Of course, I did not understand this then. I was beginning to slip into that extraordinary sense of security and comfort that comes from finding one’s natural place among the powerful. I had never been so thoroughly accepted as I was by Il Duce and his people. I had never felt so safe. Yet that feeling of acceptance and well-being was not complete. I was still keenly aware that Margherita Sarfatti was my chief’s long-time paramour. I had a horror of being caught between the two of them. I was still wondering, for instance, what had happened to my friend da Bazzanno, Sarfatti’s earlier lover.
In the private dining room, as the uncrowned Queen of Italy took her singular pleasures with me, I guessed it would be some time before she tired of me. I had no choice but to comply. I let my mind drift towards other things. I was astonished that Il Duce could ever have found this rutting harpy attractive. I did not know then, of course, why she should be so repellent to me.

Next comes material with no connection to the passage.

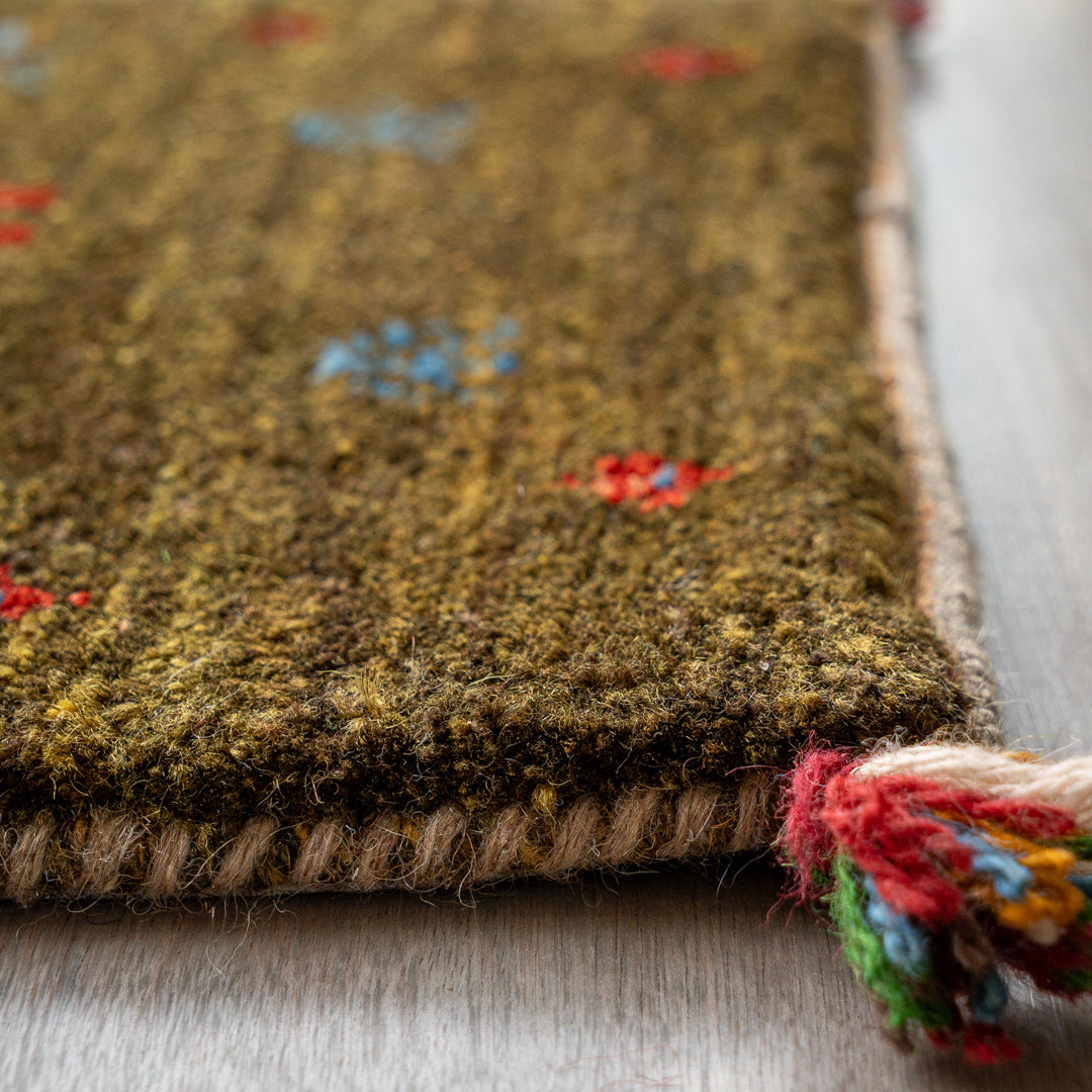 また、ギャッベは羊の毛で織られています。そのため羊毛を染めている染料の独特な匂いが生じる場合がございます。

Back at the Grishams’ my hosts had returned and were laughing heartily over drinks. Handing my coat to the maid, I asked the reason for their amusement. Billy said they had had at least ten different telephone engineers round that day. ‘It shows you’re much more important than me, Max!’ and he lifted his glass in a toast as Ethel handed me my champagne cocktail. I did not follow his reasoning. Then he told me that a visit from a telephone engineer was considered to be identical to a visit from the secret police. His phone, he said, was thoroughly tapped. He didn’t mind, since the office’s phone wasn’t tapped and he could always use that. This seemed childish stuff to me and I ignored it. It pleased people to pretend they were constantly under Il Duce’s personal surveillance. It gave their escapades an added thrill, I suppose. The whole rather cynical tenor of the conversation depressed me. I had had an exhausting day and needed to relax. Billy and Ethel did not ‘coke’ and I felt a need for some more of the nourishing powder. Politely I wondered if they would mind if Maddy and I returned to the Villa Borghese. Of course they understood. Billy drove us back in his own car. He was in a merry mood and kept beginning sentences which he did not finish. I thanked him warmly for his hospitality and help. I regarded him as my best journalist friend in Rome. I would let him know the story as soon as I could, even if it were the middle of the night. He was grateful for that.